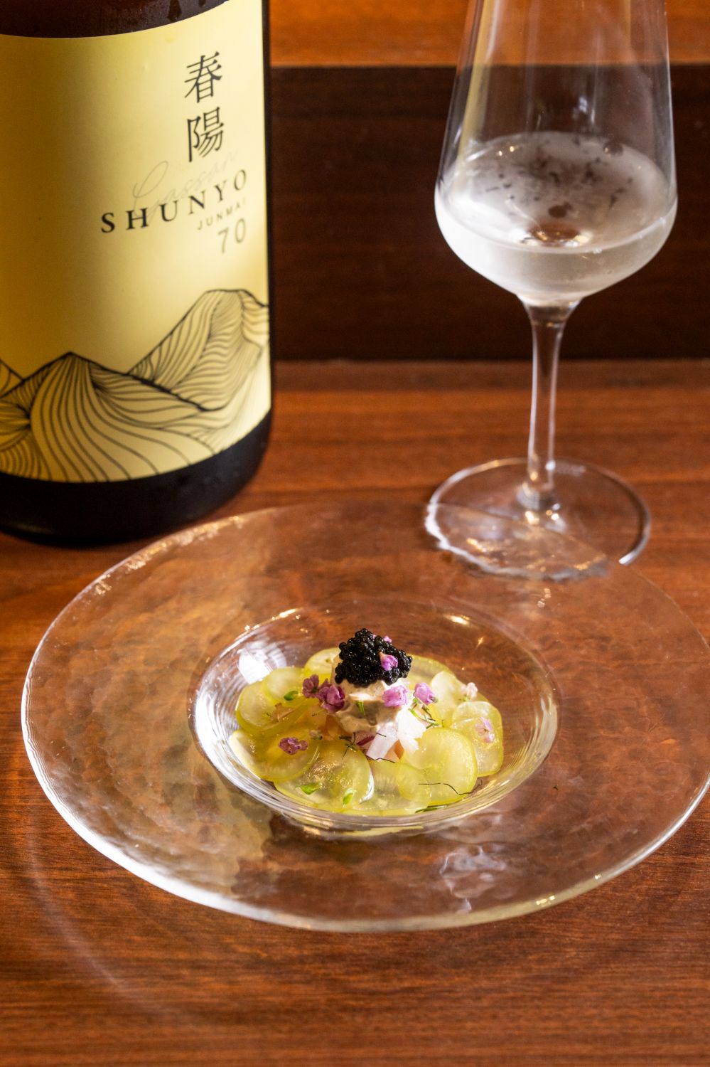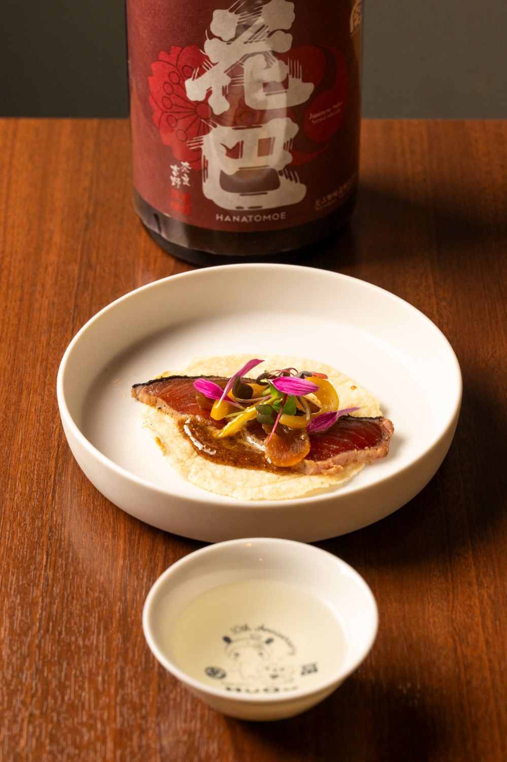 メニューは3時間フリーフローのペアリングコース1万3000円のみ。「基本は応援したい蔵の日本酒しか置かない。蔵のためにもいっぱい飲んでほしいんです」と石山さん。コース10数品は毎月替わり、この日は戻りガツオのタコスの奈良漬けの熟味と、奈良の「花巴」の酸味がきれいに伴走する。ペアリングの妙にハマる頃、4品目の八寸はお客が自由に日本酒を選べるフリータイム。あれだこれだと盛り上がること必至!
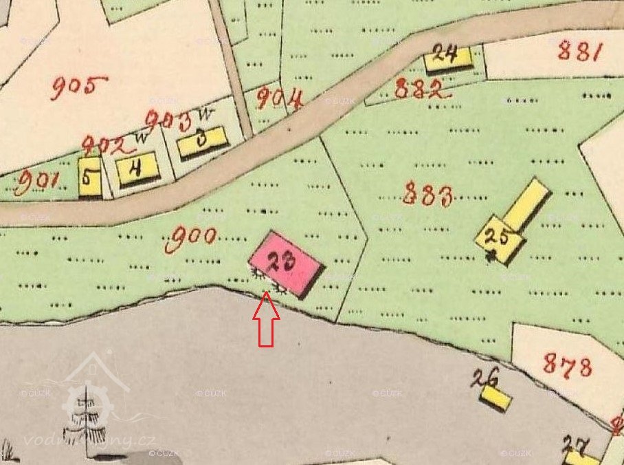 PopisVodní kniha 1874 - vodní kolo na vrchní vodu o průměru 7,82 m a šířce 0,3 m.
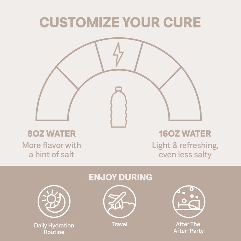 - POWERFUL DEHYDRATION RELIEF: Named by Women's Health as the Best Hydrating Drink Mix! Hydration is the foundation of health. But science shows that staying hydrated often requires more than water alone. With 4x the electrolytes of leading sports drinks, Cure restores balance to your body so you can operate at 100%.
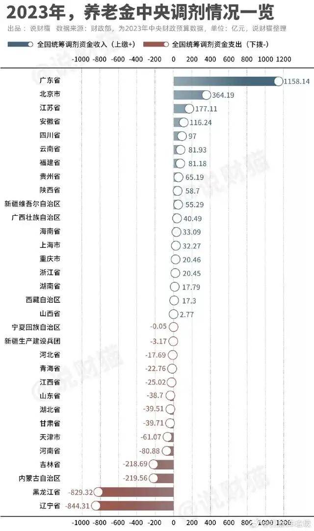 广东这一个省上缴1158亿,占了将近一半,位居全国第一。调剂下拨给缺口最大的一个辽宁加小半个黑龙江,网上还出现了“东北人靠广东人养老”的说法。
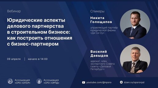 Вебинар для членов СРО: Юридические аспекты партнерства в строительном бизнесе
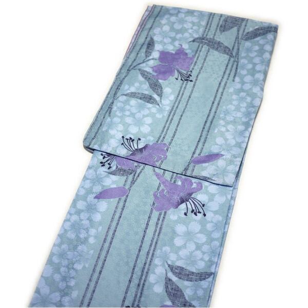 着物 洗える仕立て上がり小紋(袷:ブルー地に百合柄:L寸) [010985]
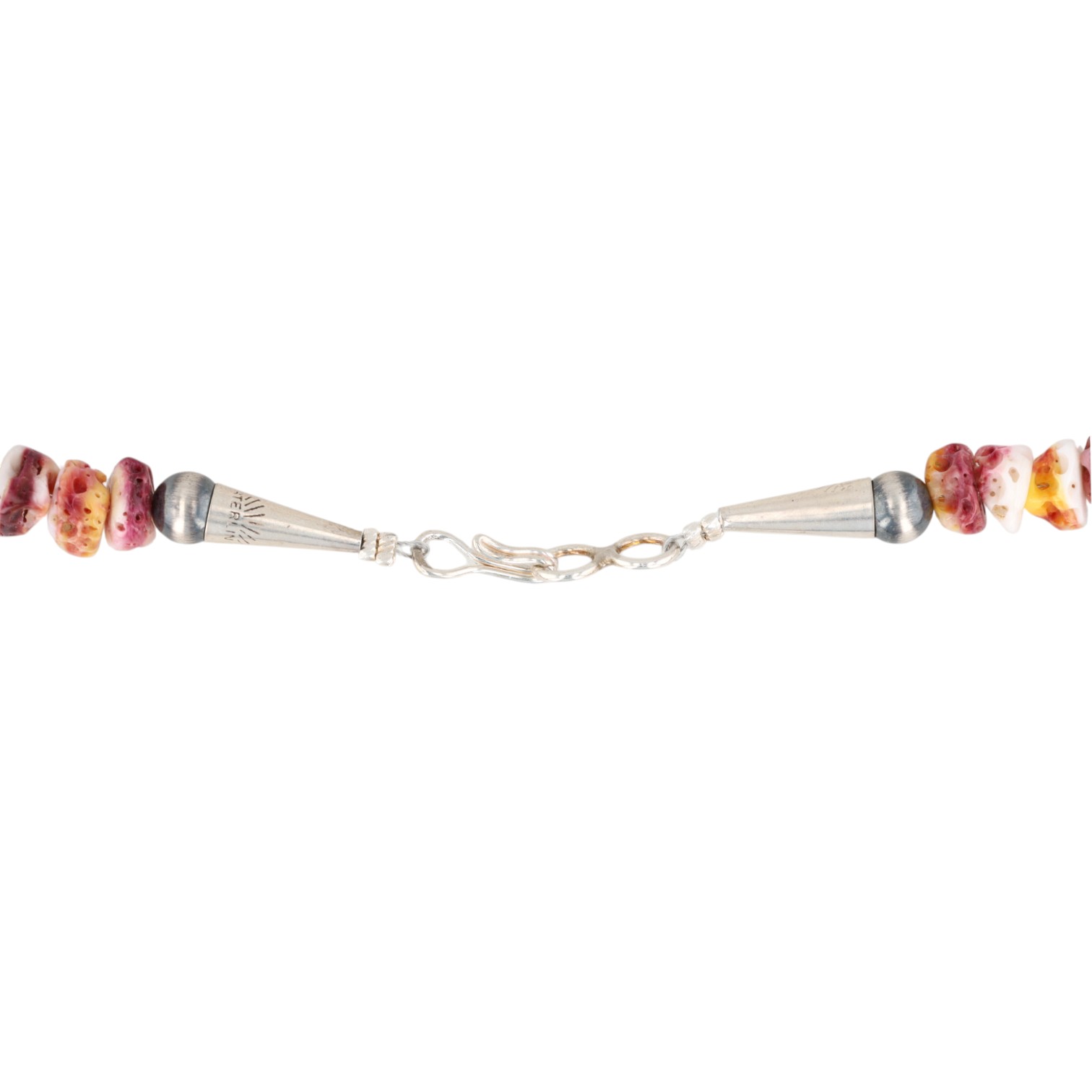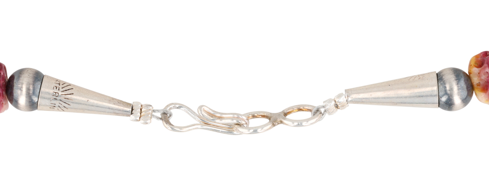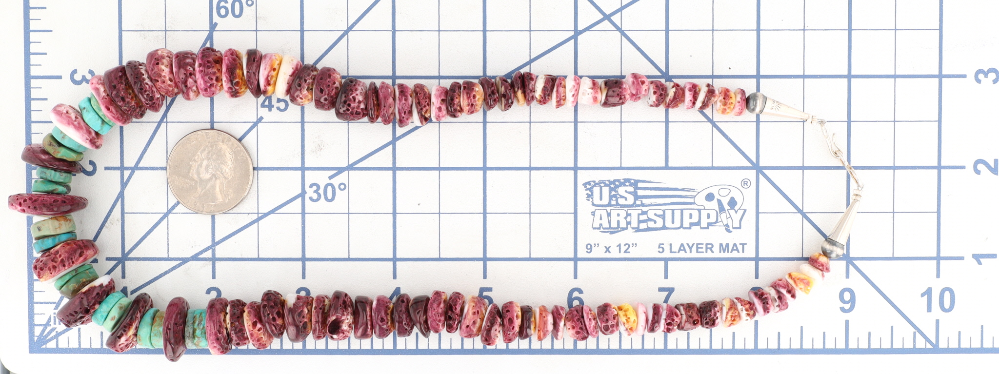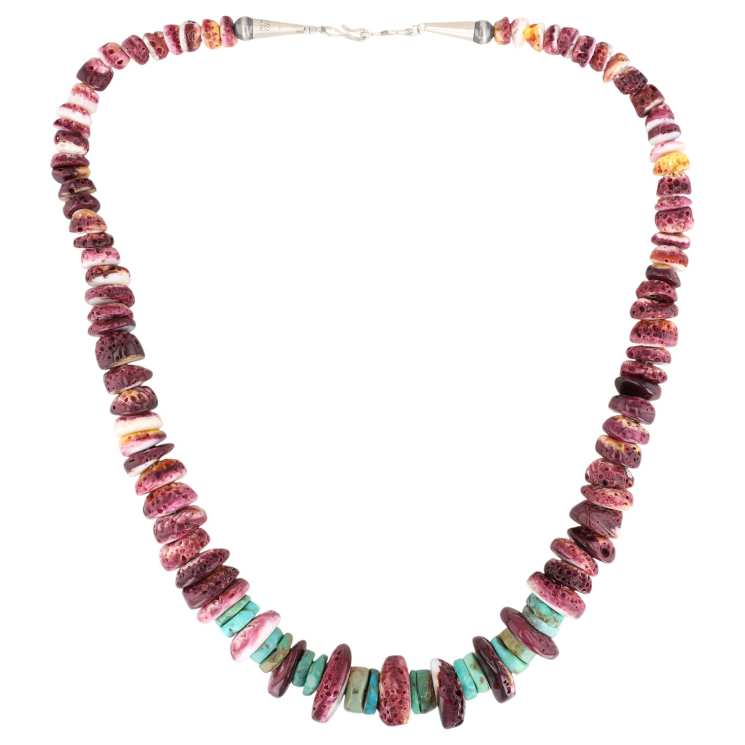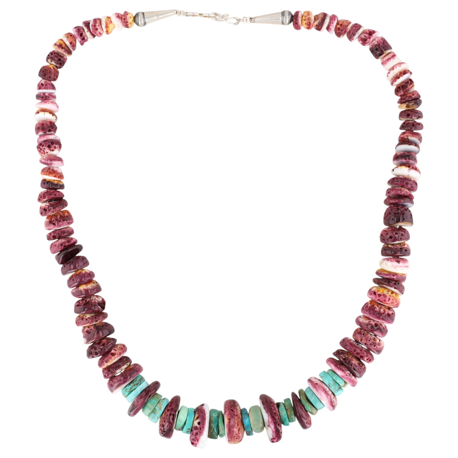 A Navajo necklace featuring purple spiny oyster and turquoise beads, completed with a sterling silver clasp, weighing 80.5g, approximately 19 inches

**TASK GOAL:** Lines from the one with "Вебинар для членов" through the final line of the listing above: copy them exactly, both ends included, and omit every picture.

**COMPLETED TASK:**
 Вебинар для членов СРО: Юридические аспекты партнерства в строительном бизнесе
 着物 洗える仕立て上がり小紋(袷:ブルー地に百合柄:L寸) [010985]
 A Navajo necklace featuring purple spiny oyster and turquoise beads, completed with a sterling silver clasp, weighing 80.5g, approximately 19 inches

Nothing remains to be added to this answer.